One of the big differences between Florida and places like California is that Florida practices controlled burns in its natural spaces to reduce the risk of catastrophic wildfires. You can see evidence of that on the trees in some areas.

The evolution of fire ecosystems is a fascinating topic to me. Environmental activists nowadays like to treat controlled burns as if they are a controversial topic, but this is an ancient practice that was also used routinely by indigenous people across several continents:

Prior to European colonization of the Americas, indigenous peoples used controlled burns to modify the landscape. These controlled fires were part of the environmental cycles and maintenance of wildlife habitats that sustained the people’s cultures and economies. What was initially perceived by colonists as “untouched, pristine” wilderness in North America, was actually the cumulative result of these occasional, managed fires creating an intentional mosaic of grasslands and forests across North America, sustained and managed by the original Peoples of the land base.

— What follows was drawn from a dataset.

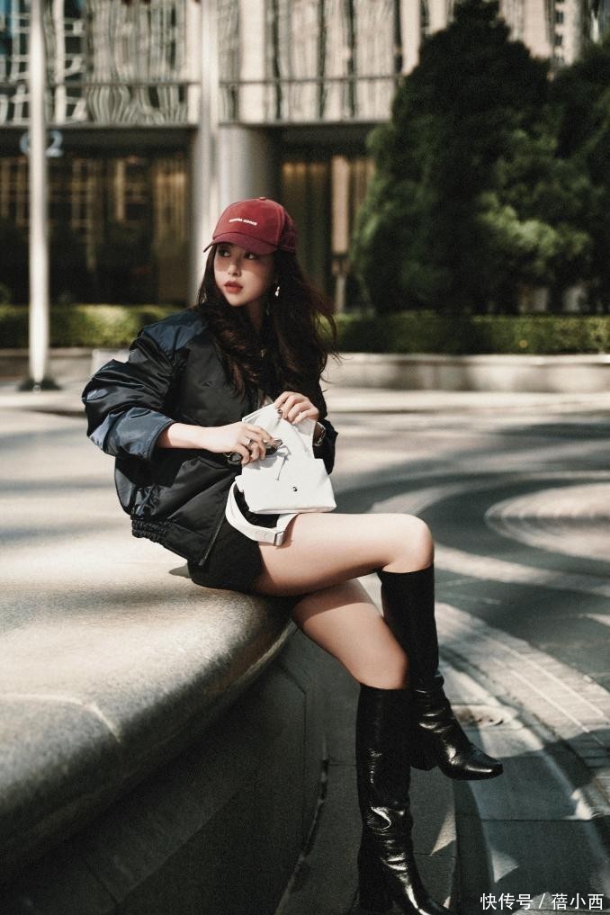 按照大部分人的思维,当外套是薄款、腿上单穿短裤时,脚上基本不会选择长筒靴。因为脚以上的搭配让人觉得温度大概有20多度了,可长筒靴哪怕不加绒,其保暖性也比常规的休闲鞋高出一大截。因此,这身穿搭适合拍写真时穿。

Radical disruption of Indigenous burning practices occurred with European colonization and forced relocation of those who had historically maintained the landscape. Some colonists understood the traditional use and potential benefits of low intensity, broadcast burns (“Indian-type” fires), while others feared and suppressed them. In the 1880s, impacts of colonization had devastated indigenous populations, and fire exclusion became more widespread; by the early 20th century fire suppression had become official U.S. federal policy. Understanding pre-colonization land management, and the traditional knowledge held by the Indigenous peoples who practiced it, provides an important basis for current re-engagement with the landscape and is critical to correctly interpreting the ecological basis for vegetation distribution.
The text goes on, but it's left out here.